AIMA Update

The impact of the EC’s Directive on third country fund managers

August 2009

The EU Commission (EC) published the text of a draft Directive on Alternative Investment Fund Managers (AIFMs) (the Directive) on 30th April 2009. The Directive applies primarily to any AIFM which is established in an EU member state and which provides management and administration services to one or more alternative investment funds (AIFs), a term which includes both hedge funds and funds of hedge funds. However, it will also apply to the marketing of AIFs within the EU by AIFMs which are established outside the EU, or third country fund managers.

This note examines the consequences of the current Directive text for third country fund managers and considers the probable impact (intended or otherwise) of the draft provisions on EU investors. The Directive is merely at the start of the EU’s legislative process and it is inevitable that amendments will be made to its text before the Directive comes into force. It is to be hoped that such amendments will resolve a number of areas (indicated below) where greater clarity is needed.

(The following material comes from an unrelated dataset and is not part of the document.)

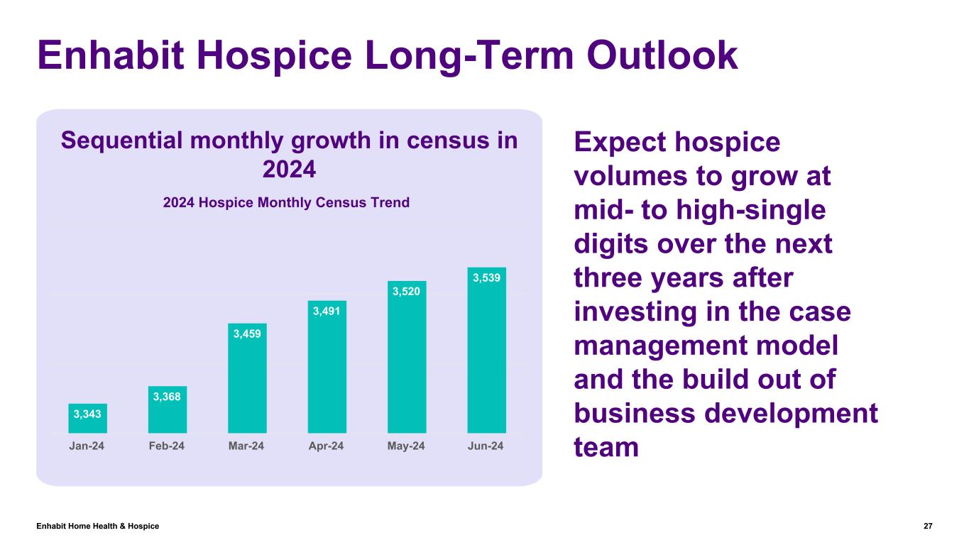 Enhabit Home Health & Hospice 26 Enhabit Home Health Long-Term Outlook Q2 2024 home health admissions continued to grow versus prior year, and we expect to continue growing at mid- to high- single digits over the next three years with our ability to better serve referral sources through improved clinical capacity and payor innovation contracts. Home health admissions have accelerated over the last three quarters Home Health Admissions Growth vs Prior Year 1.2% 3.2% 1.6% 3.9% 5.3% 6.4% —% 1.7% 0.2% 3.2% 5.0% 6.2% Total admissions growth Same-store admissions growth Q1 23 Q2 23 Q3 23 Q4 23 Q1 24 Q2 24

This note seeks to provide indicative guidance only – if you require legal advice on any issue, you should seek appropriate professional assistance.

1. As a third country fund manager, can I market funds within the EU under the Directive?
An EU member state may authorise a third country fund manager to market an AIF of which it is the manager across the EU, provided a number of conditions are satisfied.

(See paragraph six below in respect of the conditions referred to; see paragraph 10 below for the meaning of the term “marketing” under the Directive.)